Id. at 288-89 (citation modified). Here, Plaintiff argues that the ALJ failed to address the issue of collateral estoppel, which purportedly applies in this case because Plaintiff was previously found disabled under Listing 12.05B and awarded benefits in 2012. (See Dkt. 7-1 at 15-17; see also Dkt. 3 at 127-129 (copy of Appeals Council decision finding that Plaintiff met the requirements
of Listing 12.05B and awarding him benefits on April 4, 2012)). The Court is not persuaded by Plaintiff’s argument for two reasons. First, it is not clear that collateral estoppel would apply in this case. Plaintiff was incarcerated for a period of more than 12 months following his previous award of benefits, and as a result, his benefits were terminated and he had to file a new application. See 42
U.S.C. §§ 1382(e)(1)(A), 1383(j)(1)(B); see also Willie A. K. v. Comm’r of Soc. Sec., No. 1:22-CV-474-JJM, 2025 WL 410062, at *4 (W.D.N.Y. Feb. 6, 2025) (“[W]here an individual’s eligibility for SSI benefits is terminated due to incarceration, such individual is required to make a new application, and the consideration of such application is conducted ‘without deference to prior findings.’” (quoting Maurice Johnson B. v. Commissioner of Social Security, 2024 WL 4273350, at *3 (W.D.N.Y. 2024))); Singletary v. Allen, No. 11-CV-6055, 2012 WL 3204071, at *7 (W.D.N.Y. Aug. 3, 2012) (“When
[SSI] benefits are terminated because of the incarceration of the recipient, the individual must reapply for benefits under section [1382] and meet the requirements for disability under the section.”); Reginald J. v. O’Malley, No. 22 C 6459, 2024 WL 5119900, at *3 (N.D. Ill. Dec. 16, 2024) (rejecting application of res judicata or collateral estoppel where benefits were stopped due to incarceration because plaintiff’s new application covered the
time period following the new application and the prior determination had no preclusive effect). Second, even if the ALJ had considered the prior disability determination, Plaintiff’s previous award of benefits was based on a prior version of Listing 12.05B, which required only a valid verbal, performance, or full-scale IQ of 59 or less, whereas the version of
Listing 12.05B applicable here required: (1) either a full-scale IQ score of 70 or lower, or a full-scale IQ score of 71 through 75 accompanied by a verbal or a performance IQ score of 70 or lower; (2) either an extreme impairment in one, or a marked impairment in two, of the four “paragraph B” areas of mental work-related functioning; and (3) evidence demonstrating or supporting the conclusion that the disorder began prior to age 22.

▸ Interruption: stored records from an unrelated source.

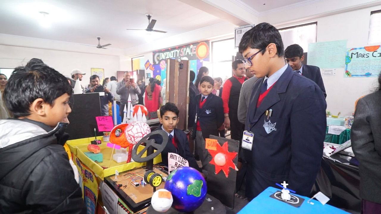 A large number of students from various classes participated in the exhibition with great fervour and unbelievable enthusiasm. The exhibition started at 11:00 a.m. and was open to all the parents and students of the school. This was indeed a majestic programme organised in the history of David School as the gathering observed in the school premises was huge where uncountable number of heads were seen in the premises. This amazing event purely showcased our students' productivity, hardwork and dedication. The exhibition started from the third floor of the building where the rooms were allocated for exhibition of the students exemplary work through their projects and models based on different subjects. Language Exhibition gave a chance to visitors to enjoy some linguistic activities. Little Ramanujans, Aryabhattas and Shakuntala Devis exhibited their models in Mathematics Exhibition. Next to the mathematics room was social studies room which showcased wonderful projects and models of history, geography and political science. Our students brought the past, present and future together through the power of science and showcased the magical experiments and tricks of science. Beautiful art and craft work of students were also put on for display with some wonderful models of sports.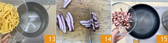 Cozinhe a massa em água fervente salgada 13. Corte o guanciale em tiras 14, então doure-o em uma panela ligeiramente aquecida, sem adicionar gordura 15: deve ficar crocante.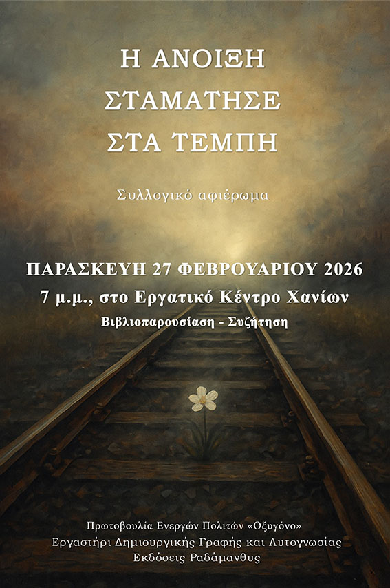 Μια εκδήλωση μνήμης, λόγου και συλλογικής ευθύνης διοργανώνουν οι Εκδόσεις Ραδάμανθυς σε συνεργασία με την Πρωτοβουλία Ενεργών Πολιτών «Οξυγόνο», στο πλαίσιο των δράσεων διαμαρτυρίας που θα πραγματοποιηθούν στα Χανιά για το έγκλημα των Τεμπών, το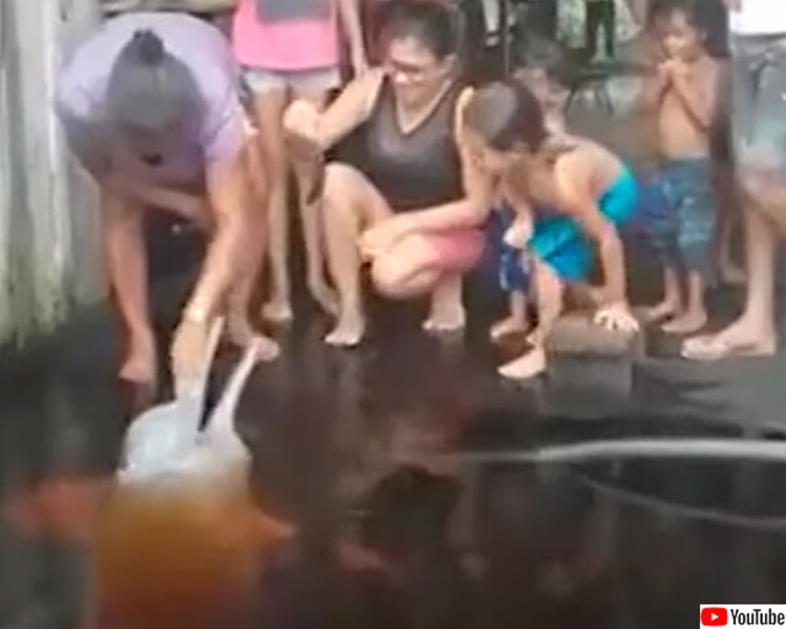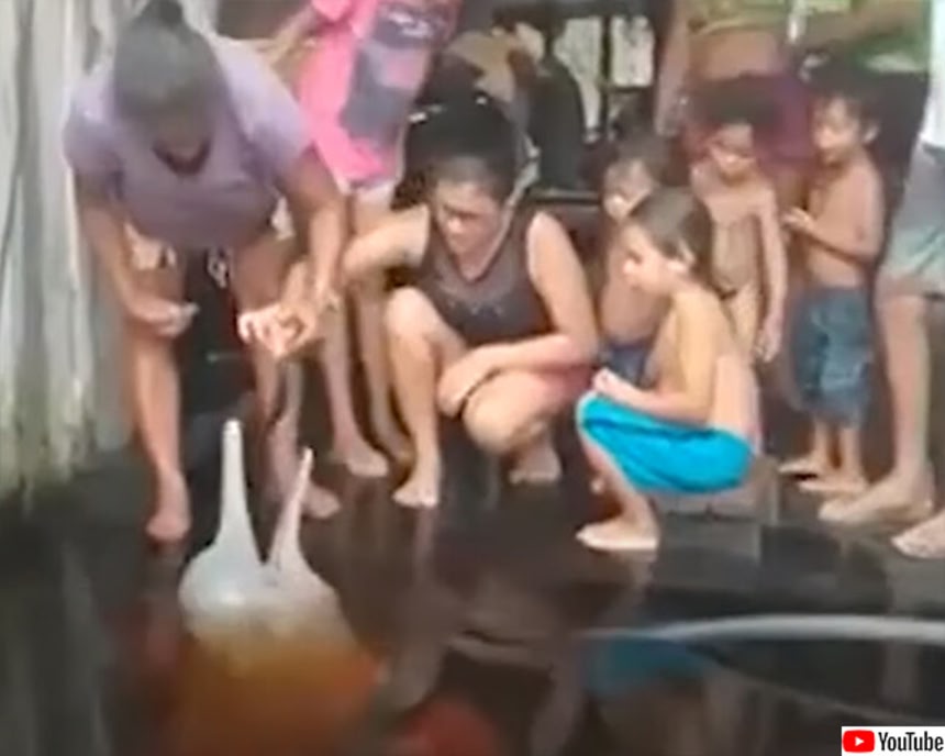 ブラジル、アマゾナス州イランドゥバで豪雨により鉄砲水が発生した後、民家の玄関先まで泳ぎ着いたのはなんとイルカ!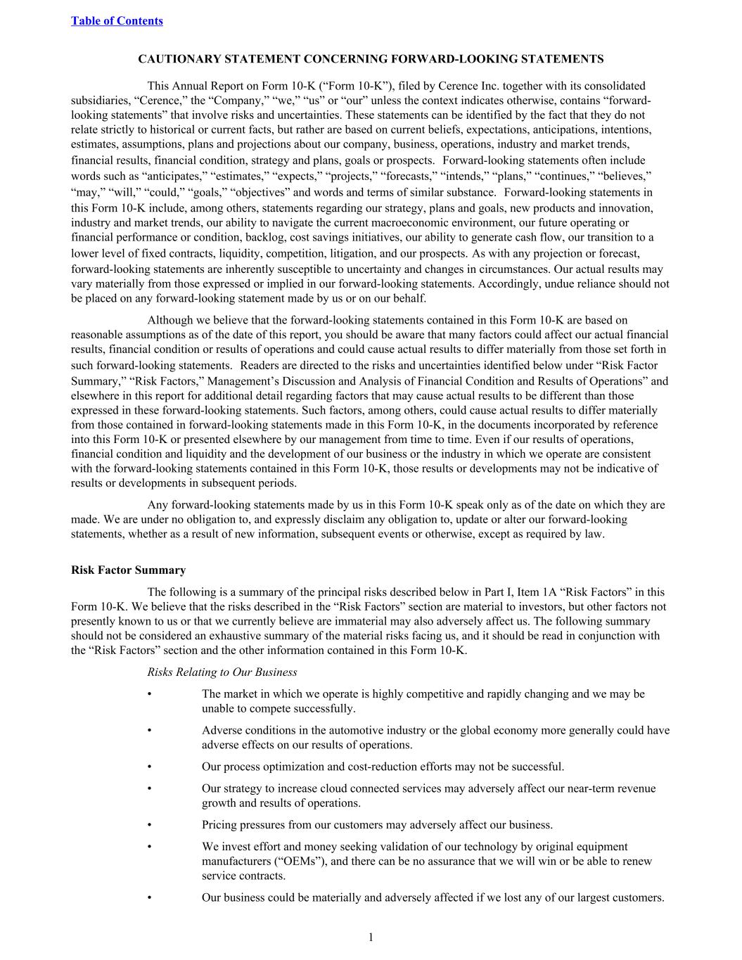 CAUTIONARY STATEMENT CONCERNING FORWARD-LOOKING STATEMENTS This Annual Report on Form 10-K (“Form 10-K”), filed by Cerence Inc. together with its consolidated subsidiaries, “Cerence,” the “Company,” “we,” “us” or “our” unless the context indicates otherwise, contains “forward- looking statements” that involve risks and uncertainties. These statements can be identified by the fact that they do not relate strictly to historical or current facts, but rather are based on current beliefs, expectations, anticipations, intentions, estimates, assumptions, plans and projections about our company, business, operations, industry and market trends, financial results, financial condition, strategy and plans, goals or prospects. Forward-looking statements often include words such as “anticipates,” “estimates,” “expects,” “projects,” “forecasts,” “intends,” “plans,” “continues,” “believes,” “may,” “will,” “could,” “goals,” “objectives” and words and terms of similar substance. Forward-looking statements in this Form 10-K include, among others, statements regarding our strategy, plans and goals, new products and innovation, industry and market trends, our ability to navigate the current macroeconomic environment, our future operating or financial performance or condition, backlog, cost savings initiatives, our ability to generate cash flow, our transition to a lower level of fixed contracts, liquidity, competition, litigation, and our prospects. As with any projection or forecast, forward-looking statements are inherently susceptible to uncertainty and changes in circumstances. Our actual results may vary materially from those expressed or implied in our forward-looking statements. Accordingly, undue reliance should not be placed on any forward-looking statement made by us or on our behalf. Although we believe that the forward-looking statements contained in this Form 10-K are based on reasonable assumptions as of the date of this report, you should be aware that many factors could affect our actual financial results, financial condition or results of operations and could cause actual results to differ materially from those set forth in such forward-looking statements. Readers are directed to the risks and uncertainties identified below under “Risk Factor Summary,” “Risk Factors,” Management’s Discussion and Analysis of Financial Condition and Results of Operations” and elsewhere in this report for additional detail regarding factors that may cause actual results to be different than those expressed in these forward-looking statements. Such factors, among others, could cause actual results to differ materially from those contained in forward-looking statements made in this Form 10-K, in the documents incorporated by reference into this Form 10-K or presented elsewhere by our management from time to time. Even if our results of operations, financial condition and liquidity and the development of our business or the industry in which we operate are consistent with the forward-looking statements contained in this Form 10-K, those results or developments may not be indicative of results or developments in subsequent periods. Any forward-looking statements made by us in this Form 10-K speak only as of the date on which they are made. We are under no obligation to, and expressly disclaim any obligation to, update or alter our forward-looking statements, whether as a result of new information, subsequent events or otherwise, except as required by law. Risk Factor Summary The following is a summary of the principal risks described below in Part I, Item 1A “Risk Factors” in this Form 10-K. We believe that the risks described in the “Risk Factors” section are material to investors, but other factors not presently known to us or that we currently believe are immaterial may also adversely affect us. The following summary should not be considered an exhaustive summary of the material risks facing us, and it should be read in conjunction with the “Risk Factors” section and the other information contained in this Form 10-K. Risks Relating to Our Business • The market in which we operate is highly competitive and rapidly changing and we may be unable to compete successfully. • Adverse conditions in the automotive industry or the global economy more generally could have adverse effects on our results of operations. • Our process optimization and cost-reduction efforts may not be successful. • Our strategy to increase cloud connected services may adversely affect our near-term revenue growth and results of operations. • Pricing pressures from our customers may adversely affect our business. • We invest effort and money seeking validation of our technology by original equipment manufacturers (“OEMs”), and there can be no assurance that we will win or be able to renew service contracts. • Our business could be materially and adversely affected if we lost any of our largest customers. Table of Contents 1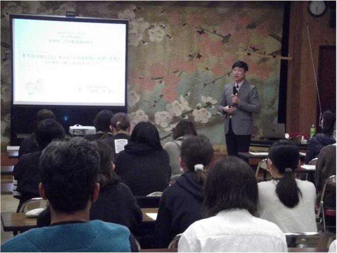 2023年11月17日(金)、原 康行准教授が、和歌山県みなべ町において、町内すべての保育士、保育教諭を対象に、「育児担当制とともに考える『幼児期前期の発達と保育』―3.4.5歳児とは違う、2歳児保育のあり方とは―」と題し講演を行いました。2歳児の発達を行動の視点から解き明かし、愛着を形成していく関わり方、環境構成、遊びの支援方法について具体的な事例を交じえ、お話しされました。グループワークでは、自園において、明日からの保育で何ができるのかを議論しました。
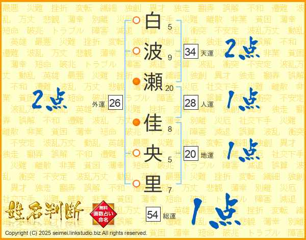 白(5画)波(9画)瀬(20画) 佳(8画)央(5画)里(7画)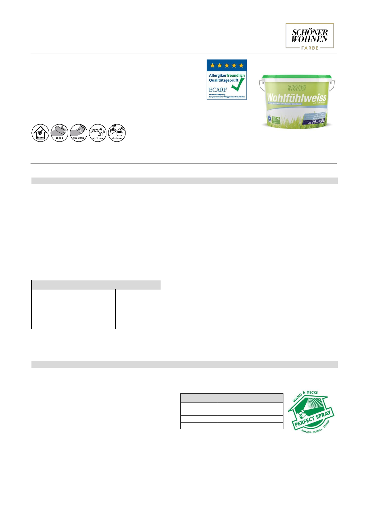 (Nassabriebbeständigkeit Klasse 3 nach EN 13300), hoch wasserdampfdiffusionsfähig und leicht zu verarbeiten. Geeignet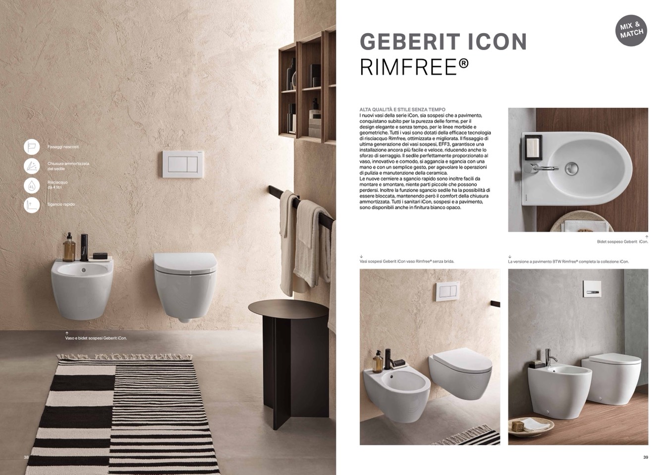 ammortizzata. Tutti i sanitari iCon, sospesi e a pavimento,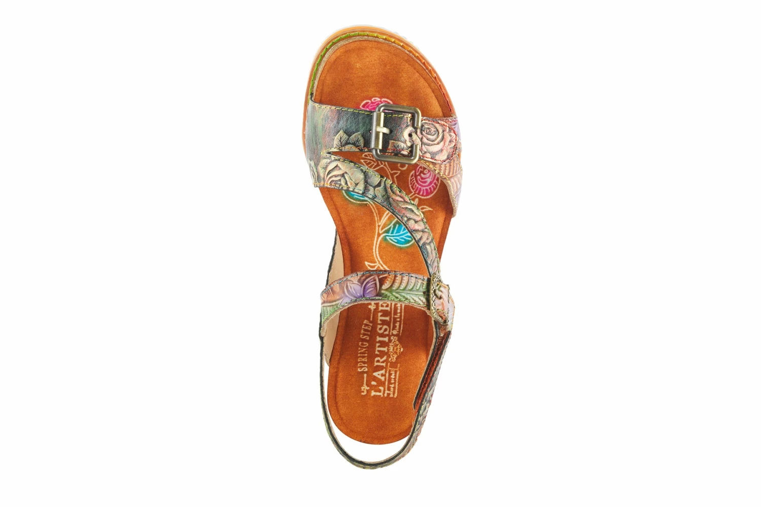 This ultra-feminine wedge heel has such great details with the decorative metal buckles and buttons. Hand-painted all the way from the outsole to the insole so that you never stop looking at the design.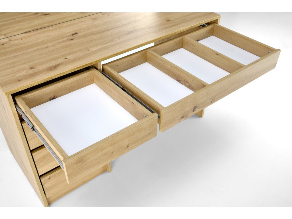 Toaletní stolek VEGAS XL v atraktivním dekoru dub artisan spojuje teplý přírodní vzhled s moderním pojetím designu. Je ideální volbou pro ty, kteří hledají praktický a zároveň esteticky výrazný kus nábytku do ložnice, šatny nebo beauty koutku.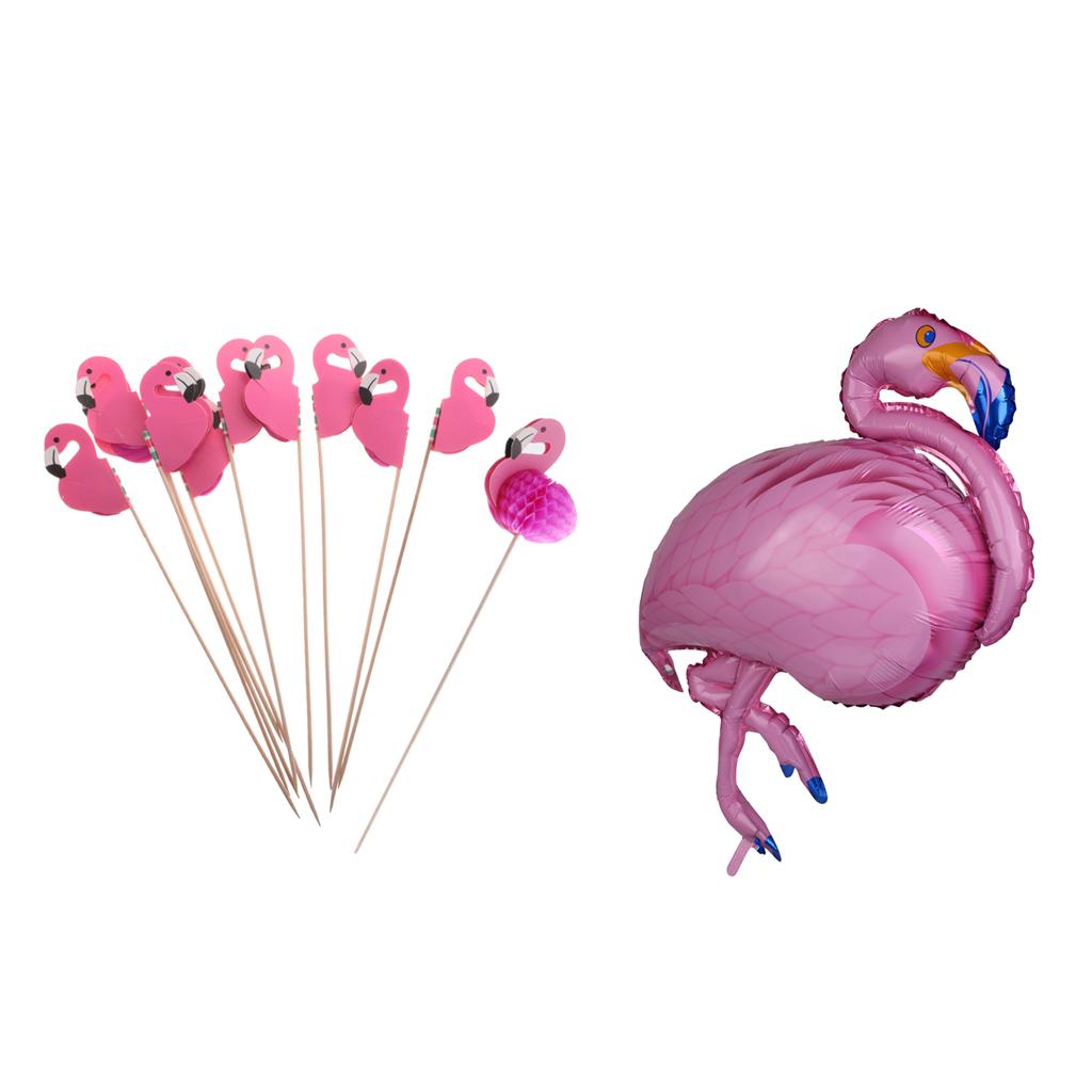 Hawaiian style large Flamingo balloon and cupcake picks decorationSpecification: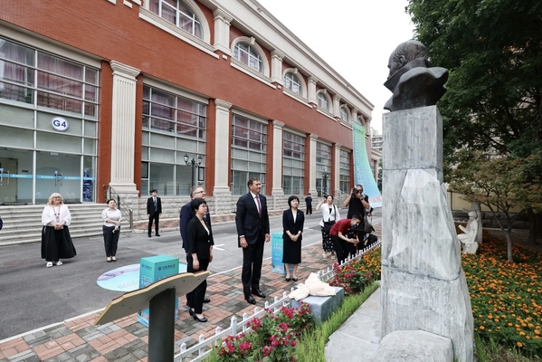 来访期间,雷任科夫部长还向雅库布·科拉斯雕像敬献了鲜花,参观了学校“译世界、译中国、译天津”翻译作品展,了解天外用语言架起中外文明交流互鉴之桥;参观了“看得见的力量—中国故事新闻摄影图片展”,共同领略了新中国成立以来特别是新时代以来的辉煌成就,感受镜头里“丝路明珠”中白工业园和中国援白俄罗斯国家足球体育场,正在为促进民心相通、推动共同发展贡献力量。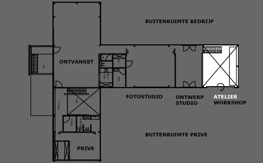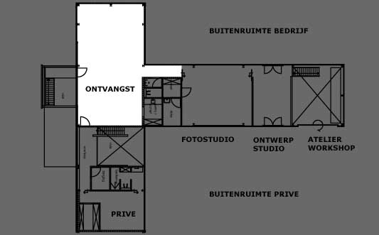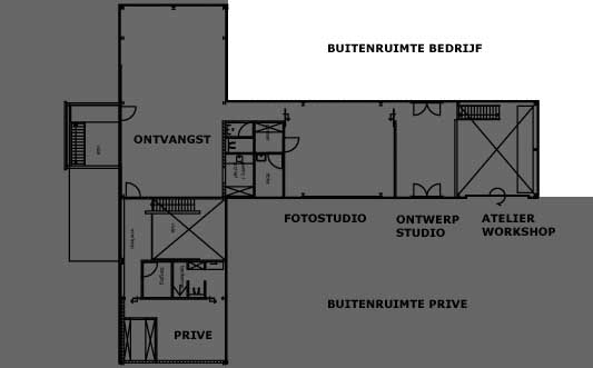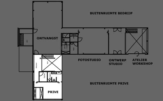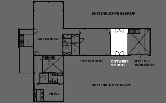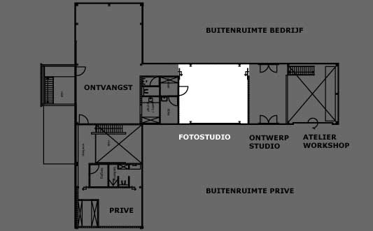 Het bedrijf bestaat uit een ontwerpstudio, kantoren, fotostudio, werkatelier, archiefopslag en ontvangstruimtes zowel binnen als buiten.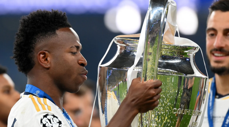 Vinicius Júnior com a taça de campeão da Champions League 2023/2024/Foto: Justin Setterfield/Getty Images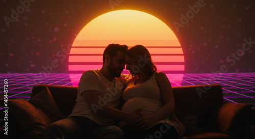 Naklejka premium 未来レトロな夕日 優しく寄り添う二人 幸せ満ちる妊娠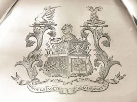 in sheffield plate di forma ovale con decoro a tralcio di volute fogliacee e stemma nobiliare inciso con cartiglio iscritto toutjours agite jamais abbate, presa a foglie contrappote, cm 45x34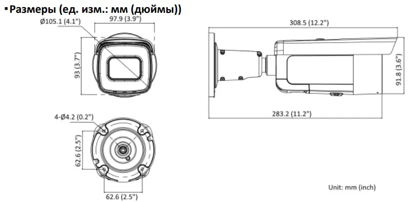 Размер камеры 308.5 97.9 93 мм (12.2 3.9 3.7)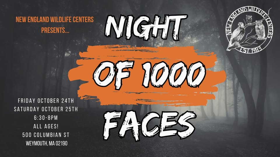The Night of a Thousand Faces will be held on Friday October 24th and Saturday October 25th 2025 from 6:30 PM to 8:00 PM at the New England Wildlife Center in Weymouth. Admission is $12.50 , and all proceeds go toward the care of our wildlife patients.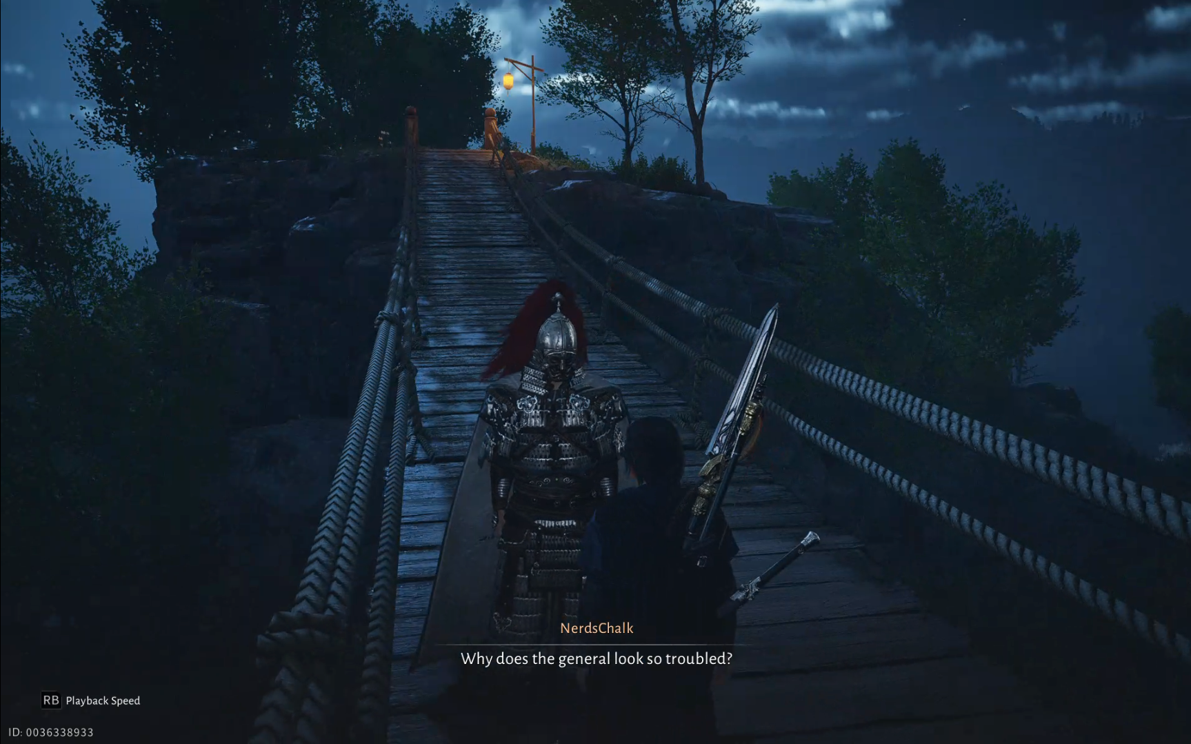 Per iniziare questo racconto errante, dirigiti al ponte che collega l'Abisso di Pipa e il Tempio Marziale e parla con Li Shoujie in piedi sul ponte.

Compare 75 Fed. Reg. 51336, 51346 (Aug. 19, 2010) (version of Listing 12.05B under which Plaintiff was previously awarded benefits in 2012), with 81 Fed. Reg. 66138, 66155 (Sept. 26, 2016) (version of Listing 12.05B applicable here); see also Pollard v. Halter, 377 F.3d 183, 190-91 (2d Cir. 2004) (determining which version of the SSA’s rules applied to judicial review of an ALJ’s decision). Thus, the prior determination would not be dispositive of the issues before the ALJ on the 2015 application and any failure to consider the prior determination, even if required, was harmless. See Anthony G. v. Comm’r of Soc.
Sec., No. 24 CIV. 3852 (GWG), 2025 WL 1937314, at *8 (S.D.N.Y. July 15, 2025) (“Administrative res judicata is appropriately applied where a prior determination on the same facts and issues made by the Commissioner has become final by either administrative or judicial action.” (quoting Navan v. Astrue, 303 F. App’x 18, 20 (2d Cir. 2008))); Russell v. Kijakazi, No. CV 21-939, 2023 WL 2278651, at *8 (E.D. Pa. Feb. 27, 2023) (“[T]he
ALJ explained that the prior decision was not controlling because there was a change in the mental health listings, tr. at 15, and the ALJ was reviewing a period years after the original award of benefits, utilizing a subsequent change to the mental health listings, and the bases for Plaintiff's alleged disability had changed. Accordingly, Plaintiff is not entitled to relief on his collateral estoppel claim or the claim that the ALJ failed to or improperly
considered the prior administrative decision.”). Accordingly, Plaintiff is not entitled to remand on collateral estoppel grounds. B. Evaluation of Opinion Evidence In deciding a disability claim, an ALJ is tasked with “weigh[ing] all of the evidence available to make an RFC finding that [is] consistent with the record as a whole.” Matta
v. Astrue, 508 F. App’x 53, 56 (2d Cir. 2013); accord Schillo v. Kijakazi, 31 F.4th 64, 78 (2d Cir. 2022). A claimant’s RFC need not “perfectly correspond with any of the opinions of medical sources cited in his decision,” Matta, 508 F. App’x at 56, and remand for further administrative proceedings is unnecessary as long as the ALJ’s analysis “affords an adequate basis for meaningful judicial review, applies the proper legal standards, and is supported by substantial evidence,” see Cichocki v. Astrue, 729 F.3d 172, 177 (2d Cir. 2013).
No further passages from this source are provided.